何故新幹線は交流電化になったかといいますと、最高速度に有ります。
車でも一緒ですが、速度が上がれば上がるほど消費するエネルギーは大きくなりますよね。
 そうなるとどうなるか、より多くの電気が必要になるのですが、直流電化だと1500Vなのでより高速に走ろうと思うと電流量が増えます。
 ホースから水を大量に流すようなイメージですね。
ですから、より安定的に流そうと思えば電線を太くするしかなく、電車も架線も電線は太くなってしまいます。
そこで、交流電化が注目されるわけで、電圧を上げれば少ない電力量で同じだけの仕事をさせることが出来ますよね。

仮に、新幹線を1km動かすのに、10000KW必要だとすれば10000KW/25KV=400A(交流25000Vの場合)
これが同じ条件で、直流1500Vになると、10000KW/1.5KV=6666.7Aとなってしまい絶縁とかも大変になりそうです。
逆に言えば、商用電源による交流電化が実用化されていなければ新幹線の誕生はもう少し遅れていたことになります。

4)架線について
 架線(鉄道部内では、「がせん」と呼ぶそうです)につきましても、新幹線では新しい方式が開発されました。

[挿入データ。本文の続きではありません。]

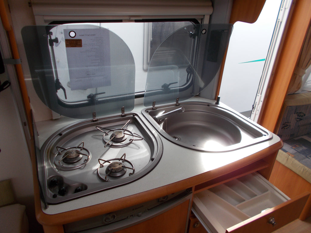 - Küche mit 3 Flammen Gaskocher, Spüle und Glasabdeckungen
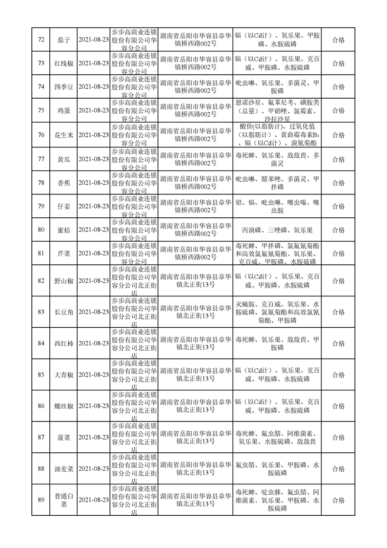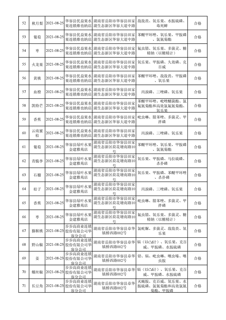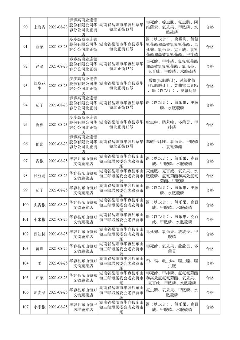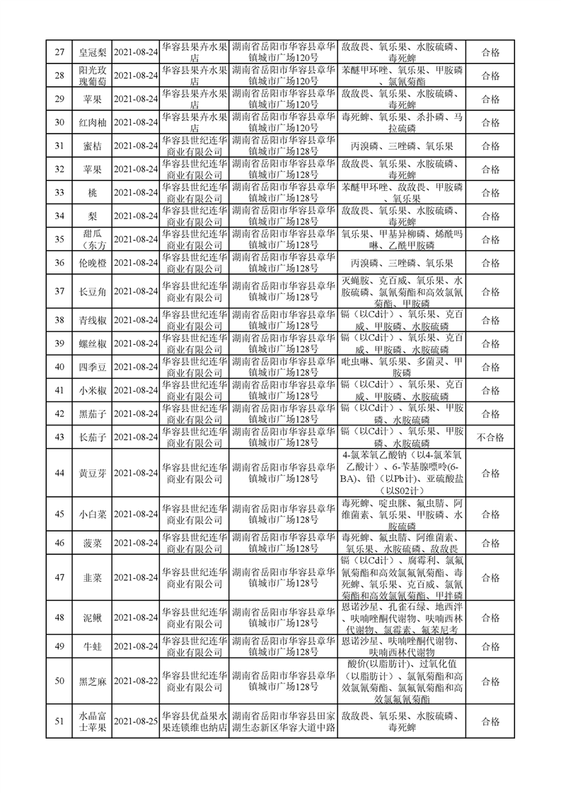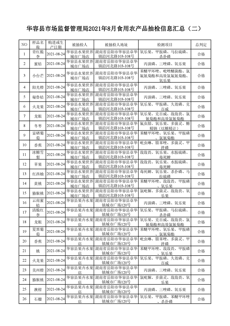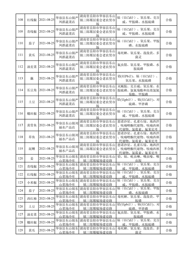 华容县市场监督管理局2021年8月食用农产品抽检信息汇总(二)

 現在、JRを含めて多くの鉄道会社ではシンプルカテナリー方式と呼ばれる方式を採用していますが、東海道新幹線では、合成コンパウンドカテナリ式と呼ばれる、従来のコンパウンド式架線を改良した方式を開発しました。
ドロッパーと呼ばれるトロリー線と補助架線をつなぐ装置に合成素子で作られたダンパーのようなものを取り付ける方式で、集電装置による架線の振動を減衰させることを目的に開発されましたが、実際には強風などで共振現象が大きく架線事故の元となったので現在では新幹線では使われていないそうです。
なお、現在はより安定性を高めたヘビーコンパウンド架線方式を採用しているようです。

画像は、鉄道運輸機構から

ヘビーコンパウンドカテナリー架線方式

なお、ATC及びCTCについては別途章を改めて説明させていただきます。

ここまで概説してきて、新しい最新鋭の技術というよりも枯れた技術を積み上げて作ったものが東海道新幹線と言えそうです。